If the currents are applied one after the other and set to zero, the equation 5 is obtained. Depending on whether it is an inflow or an outflow, the sign is selected. Inflows are assigned a positive sign and outflows a negative sign.
\begin {equation} \sum _{k = 1}^{N}{I_\mathrm {k}} =0=I_1+I_2-I_3-I_4-I_5 \label {KnotenregelBeispielknoten} \end {equation}
Key point: Knot rule
7 Mesh rule
When a particle moves between two points in an electric field, work is done. If the starting point is identical to the end point, the same amount of work must be delivered as absorbed. In this case, the sum of the work is zero. If such a complete mesh cycle is performed along a closed path, the sum of the partial voltages must also be zero. This assumes that there is no time-varying magnetic flux density and therefore no electrical eddy field is created (see equation 7). The equation describes Faraday’s law of induction for static fields (here: no change in a magnetic field).
\begin {equation} \oint _{s}^{} \vec {E} d\vec {s} = 0 \rightarrow rot \vec {E} = 0 \label {GleichungRingintegralFeldstärke} \end {equation}
According to Kirchhoff’s second law, mesh analysis states that for a complete circuit (mesh) in an electrical network, the sum of all voltages is equal to zero. This is illustrated by the equation 8.

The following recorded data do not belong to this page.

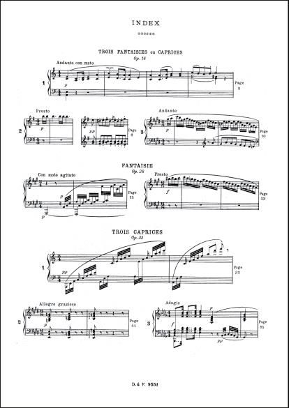 Includes 3 Fantaisies or Caprices, Op. 16 - Fantaisie, Op. 28, 3 Caprices, Op. 33.
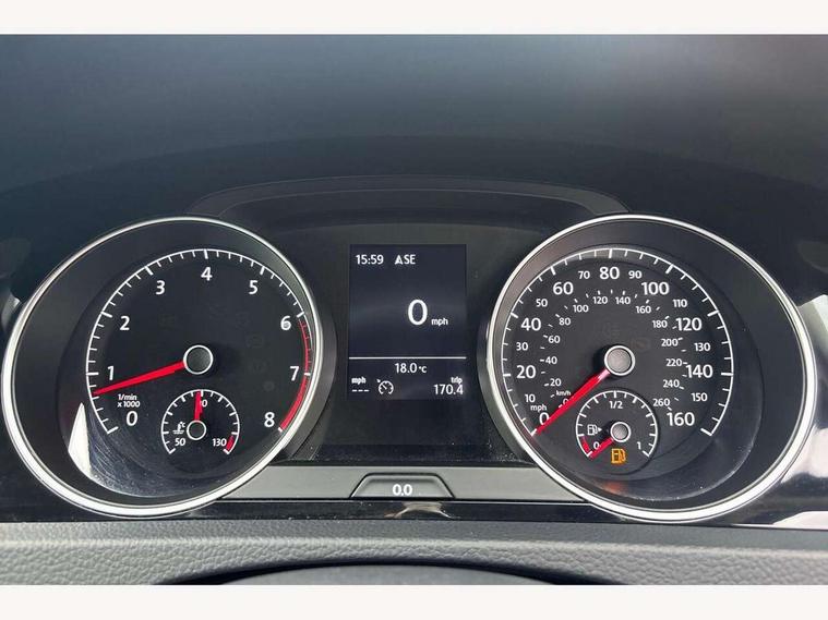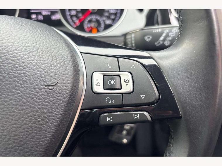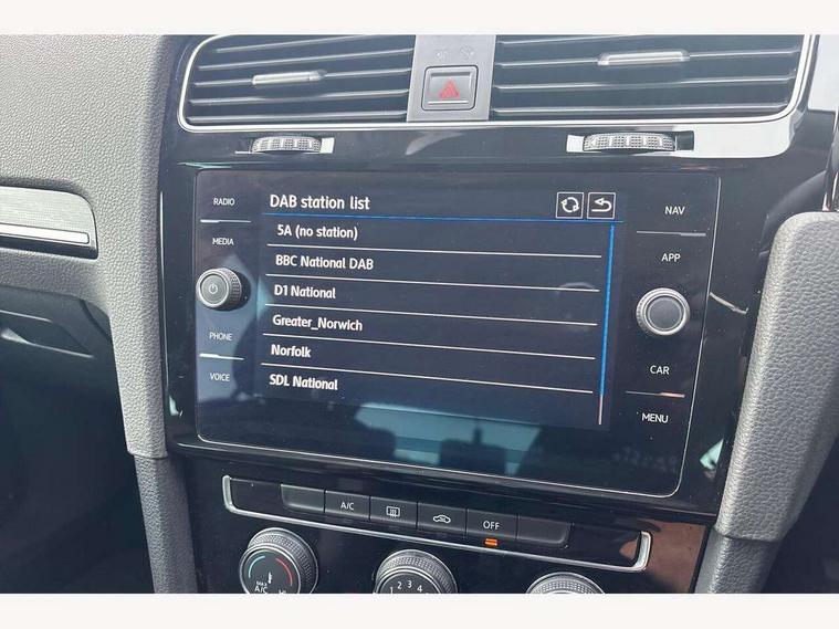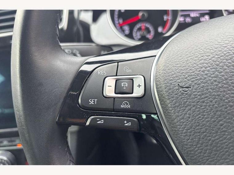 'Lights On' Reminder warning buzzer, 8" touch screen, Adaptive Cruise Control with pedestrian detection and speed limiter, App-Connect, Bluetooth hands free telephone connection, Brake pad wear indicator warning light, Driver alert system, Driver profile selection, Exterior temperature gauge, Front assistant collision mitigation, Instrument cluster in white, Multifunction computer, PAS - speed related, Rev counter, Trip and service interval display, Ultrasonic front and rear optical and audible parking sensors, Warning buzzer and light for front seatbelts unfastened, Lowered sports suspension, XDS electronic differential lock, CD/MP3/WMA, USB and SD card reader, aux-in, Composition media system, DAB Digital radio, Auto dimming rear view mirror, Automatic coming/leaving home lighting function, Automatic headlights, Black front air intake and radiator grille with chrome insert, Black rear diffuser, Body colour bumpers, Body colour door handles, Body colour door mirrors, Chrome grille surround, Electric front windows, Electric rear windows, Electrically adjustable and heated door mirrors, Heat insulated tinted glass 65% light absorbing from B pillar back, Heated rear windscreen, LED daytime running lights, LED front fog lights with static cornering light function, LED rear lights, Rain sensor, Rear roof spoiler, Rear windscreen washer and wiper with interval delay, 12V socket in luggage compartment, 3 rear headrests, 3 spoke steering wheel, 60/40 split folding rear seat, Bag hook in luggage compartment, Boot lashing points, Cooled glovebox, Courtesy light delay, Cover for storage compartment in centre, Dust/pollen filter, Front + rear carpet mats, Front centre armrest with storage box and rear air vents, Front passenger drawer stowage, Front passenger seat height adjust, Front seat back storage pockets, Grab handles, Height/reach adjust steering wheel, Illuminated vanity mirrors, Isofix preparation for 2 rear child seats, Load through provision with rear centre armrest and cupholders x2, Luggage compartment cover, Luggage compartment lighting, Multifunction leather steering wheel with leather gear knob/handbrake grip, Overhead storage box, Pearl grey headlining, Storage box in luggage compartment, Storage compartments in doors, Sun visors, Variable boot floor, height adjustable and removable, Ambient lighting pack - Golf, Mirror pack - Golf, 3 point height adj front seatbelts + pretensioners, 3 rear 3 point seatbelts, ABS, Automatic post collision braking, Child locks on rear doors, Driver/Front Passenger airbags, Driver/Passenger whiplash optimised head restraints, Drivers knee airbag, Electronic parking brake with auto hold, ESP with EDL + ASR, Front and rear curtain airbags, Front passenger airbag deactivation, Front side airbags, Pre crash system, Tyre pressure monitor, Alarm with interior protection, Electronic engine immobiliser, Remote central locking with 2 remote folding keys, Chrome-plated light switch surround, Piano black centre console, Tumbler decorative inserts, Steel space saver spare wheel,
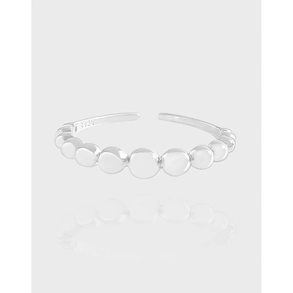 The Kondra Ring showcases a unique, fluid pattern of smooth, polished spherical elements, gracefully arranged like a string of celestial pearls. Each delicate “bubble” catches and disperses light, mirroring the organic dance of natural reflections. Marked with ‘S925’, this piece assures quality and timeless charm, its adjustable open design embracing the fluid essence of the world around us.
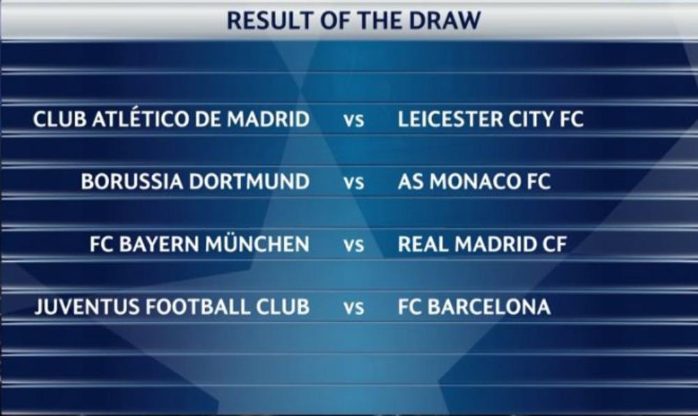 U petak je u Nionu održan žreb za četvrtfinale Lige šampiona.
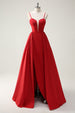 Rotes Spaghettiträger Langes Ballkleid mit Schlitz und Schnürung
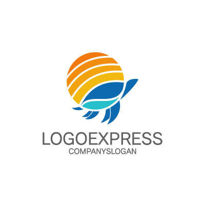 ウミガメは、長寿、忍耐力、そして安定を象徴し、企業が持つ持続可能性と堅実な歩みを表します。太陽は、エネルギー、活力、そして成長を象徴し、企業が未来に向かって明るく進む姿勢を表します。波をモチーフにしたラインは、流動性、変化、そして柔軟性を象徴し、企業が環境の変化に柔軟に対応できることを示唆します。オレンジ、青、水色の組み合わせは、活力、信頼性、そして爽やかさを象徴し、顧客に親しみやすさと安心感を与えます。旅行会社、海運会社、環境保護団体など、安定性、信頼性、そして持続可能性をアピールしたい業界に最適です。
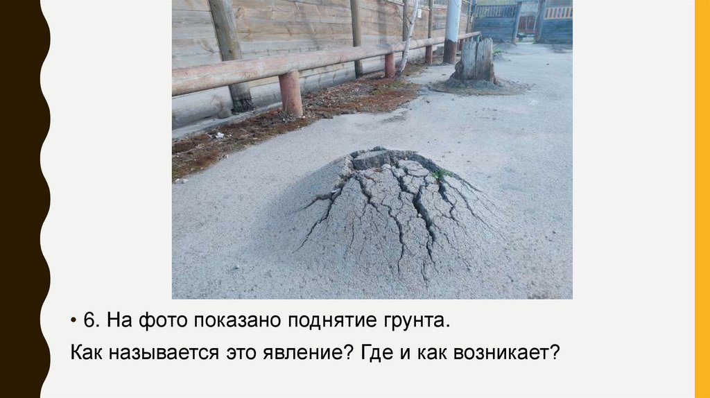 • 6. На фото показано поднятие грунта.Как называется это явление? Где и как возникает?
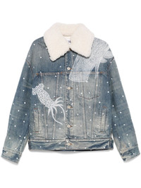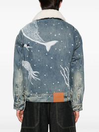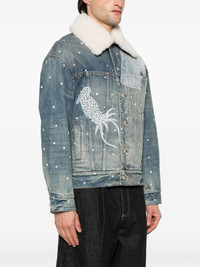 sketch-print denim jacket Highlights - Indigo blue - Front button fastening - Buttoned cuffs - Two chest patch pockets - Two side welt pockets Made in Italy Composition Outer: Cotton 100%, Calf Leather 100%, Lambskin 100% Lining: Polyester 65%, Cotton 35% SIZE & FIT Model measurements Height 6 ft 2 in(1.87 m) Bust/Chest 37.79 in(96 cm) Hips 37.79 in(96 cm) Waist 30.31 in(77 cm) FittingInformation Designed for a regular fit, allowing for a comfortably loose fit throughout the body The adjustable tabs allow for fitted preferences Sturdy and hard-wearing, this denim piece offers no stretch

\begin {equation} \sum _{k = 1}^{N}{U_\mathrm {k}} =0 \label {Maschenregel} \end {equation}
Within a mesh, voltages with an arrow direction in the same direction are counted as positive, while voltages with an arrow direction opposite to the direction of rotation are counted as negative. Based on the current curves and potentials from Figure 10, the voltages of the respective branches can be determined. There is no potential difference above the parallel connection of the resistors. The same applies to the electrical connection below the parallel connection. The current \(I_\mathrm {R1}\) flows through the resistor \(R_\mathrm {1}\). According to Ohm’s law, this results in the voltage \(U_\mathrm {R1}\) across \(R_\mathrm {1}\). Equivalently, the voltage \(U_\mathrm {R2}\) across \(R_\mathrm {2}\) is determined.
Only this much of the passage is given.